Problem: There are a whole lot of folks who don't want part of their premium dollars going to such "services." The Roman Catholic Church, on record for being against such anti-reproductive measures for about the last 2,000 years, is so distressed by this latest development that it is openly urging its adherents to defy this law that they see as a direct attack on their religious freedom.
And what about the frugality aspects of this ruling? More healthcare offerings, by definition, mean more cost. Why can't we citizens be allowed to pick and choose plans that offer defined benefits more in keeping with our lifestyles?
Gay men shouldn't have to pay for contraception or maternity care, for instance, but may want plans that cover better gastroenterological services. Scuba divers may want full-cost riders for pressure chamber treatment in the event that they get "the bends." Women could skip coverage for prostate cancer but pay more for breast cancer coverage.
Alas, healthcare plans in this country do not work this way. Government mandates require that every plan offer practically every possible health service imaginable. Of course, the cost of all these services drives up the price of the plans. It's like going to a car dealership and having to pay for the full-sized van when you only wanted a golf cart.

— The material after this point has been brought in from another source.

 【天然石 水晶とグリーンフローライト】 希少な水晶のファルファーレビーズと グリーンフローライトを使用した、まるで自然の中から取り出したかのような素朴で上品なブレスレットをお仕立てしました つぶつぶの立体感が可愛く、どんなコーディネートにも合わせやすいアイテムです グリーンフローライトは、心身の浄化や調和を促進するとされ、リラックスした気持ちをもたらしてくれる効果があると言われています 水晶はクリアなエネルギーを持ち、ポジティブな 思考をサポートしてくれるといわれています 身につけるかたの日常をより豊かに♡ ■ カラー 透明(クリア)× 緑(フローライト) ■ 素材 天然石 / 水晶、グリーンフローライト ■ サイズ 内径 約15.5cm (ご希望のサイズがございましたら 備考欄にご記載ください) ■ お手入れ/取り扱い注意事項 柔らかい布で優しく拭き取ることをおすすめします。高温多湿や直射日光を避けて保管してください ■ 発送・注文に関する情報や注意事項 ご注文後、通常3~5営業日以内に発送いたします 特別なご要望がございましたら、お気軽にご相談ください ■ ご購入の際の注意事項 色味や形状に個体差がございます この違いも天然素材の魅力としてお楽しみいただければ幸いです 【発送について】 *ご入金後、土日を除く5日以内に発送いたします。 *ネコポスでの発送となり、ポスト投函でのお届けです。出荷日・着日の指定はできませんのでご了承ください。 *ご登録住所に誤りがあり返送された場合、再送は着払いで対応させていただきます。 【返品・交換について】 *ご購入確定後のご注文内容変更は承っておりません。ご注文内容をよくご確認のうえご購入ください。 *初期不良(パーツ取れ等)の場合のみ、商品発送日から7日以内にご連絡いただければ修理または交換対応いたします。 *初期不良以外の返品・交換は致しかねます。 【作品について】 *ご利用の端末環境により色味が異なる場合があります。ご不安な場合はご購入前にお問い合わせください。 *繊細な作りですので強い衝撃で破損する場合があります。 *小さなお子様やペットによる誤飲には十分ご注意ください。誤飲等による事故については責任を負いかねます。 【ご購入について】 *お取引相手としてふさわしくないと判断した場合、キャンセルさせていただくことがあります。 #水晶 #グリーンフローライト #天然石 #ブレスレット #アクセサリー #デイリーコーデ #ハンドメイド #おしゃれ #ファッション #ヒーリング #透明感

"Medical cost sharing" plans work around the high cost of health care insurance by more accurately tailoring their services toward the lifestyle choices of their participants. Medi-Share and Samaritan Ministries are two such examples, both of which cater to those following a Bible-based lifestyle. By not having to pay for STD's, abortions, sex-change operations and the like, members can put their funds toward expenses that are higher in this population group, like maternity care. It's amazing what a difference targetted coverage makes; whole families in both plans pay in less than $400 a month. (One caveat: Neither plan can handle truly catastrophic expenses. Samaritan caps at $250,000.)
How long before we see other population groups pooling together so they can put their medical care funds where they actually want them?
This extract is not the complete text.